-------- Provided entries

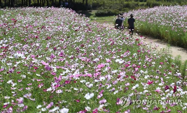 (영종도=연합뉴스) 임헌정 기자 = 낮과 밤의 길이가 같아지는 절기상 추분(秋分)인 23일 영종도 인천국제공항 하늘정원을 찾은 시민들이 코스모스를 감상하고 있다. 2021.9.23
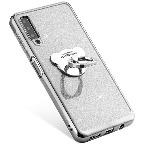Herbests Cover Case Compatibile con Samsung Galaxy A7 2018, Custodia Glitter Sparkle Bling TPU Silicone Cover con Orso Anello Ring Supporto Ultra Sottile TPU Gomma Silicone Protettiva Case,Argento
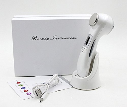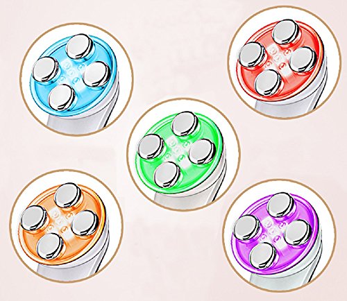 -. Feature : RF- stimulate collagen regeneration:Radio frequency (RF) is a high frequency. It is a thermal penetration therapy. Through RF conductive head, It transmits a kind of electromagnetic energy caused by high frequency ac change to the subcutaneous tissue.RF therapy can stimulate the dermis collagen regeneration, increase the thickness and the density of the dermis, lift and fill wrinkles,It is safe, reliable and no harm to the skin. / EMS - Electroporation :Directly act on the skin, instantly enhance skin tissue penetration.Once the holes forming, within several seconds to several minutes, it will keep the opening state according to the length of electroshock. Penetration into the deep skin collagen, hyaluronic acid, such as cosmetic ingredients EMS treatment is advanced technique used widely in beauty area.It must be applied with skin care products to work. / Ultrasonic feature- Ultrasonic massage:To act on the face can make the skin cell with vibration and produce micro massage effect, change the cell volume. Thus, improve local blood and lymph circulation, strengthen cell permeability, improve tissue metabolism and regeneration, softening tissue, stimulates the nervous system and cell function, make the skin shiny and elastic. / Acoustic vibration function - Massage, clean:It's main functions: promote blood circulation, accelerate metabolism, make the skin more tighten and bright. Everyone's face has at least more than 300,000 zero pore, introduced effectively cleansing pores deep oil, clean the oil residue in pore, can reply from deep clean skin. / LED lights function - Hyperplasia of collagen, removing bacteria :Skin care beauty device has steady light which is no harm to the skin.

----------------
-------- Provided entries

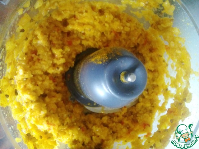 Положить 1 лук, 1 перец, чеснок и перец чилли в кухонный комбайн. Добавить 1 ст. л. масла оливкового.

----------------

### Brief
Work from the entries above. Set down exactly and only the lines from the line with "(영종도=연합뉴스) 임헌정 기자" to the line with "Herbests Cover Case", both included, and leave the pictures out.

### Result of the exercise
 (영종도=연합뉴스) 임헌정 기자 = 낮과 밤의 길이가 같아지는 절기상 추분(秋分)인 23일 영종도 인천국제공항 하늘정원을 찾은 시민들이 코스모스를 감상하고 있다. 2021.9.23
Herbests Cover Case Compatibile con Samsung Galaxy A7 2018, Custodia Glitter Sparkle Bling TPU Silicone Cover con Orso Anello Ring Supporto Ultra Sottile TPU Gomma Silicone Protettiva Case,Argento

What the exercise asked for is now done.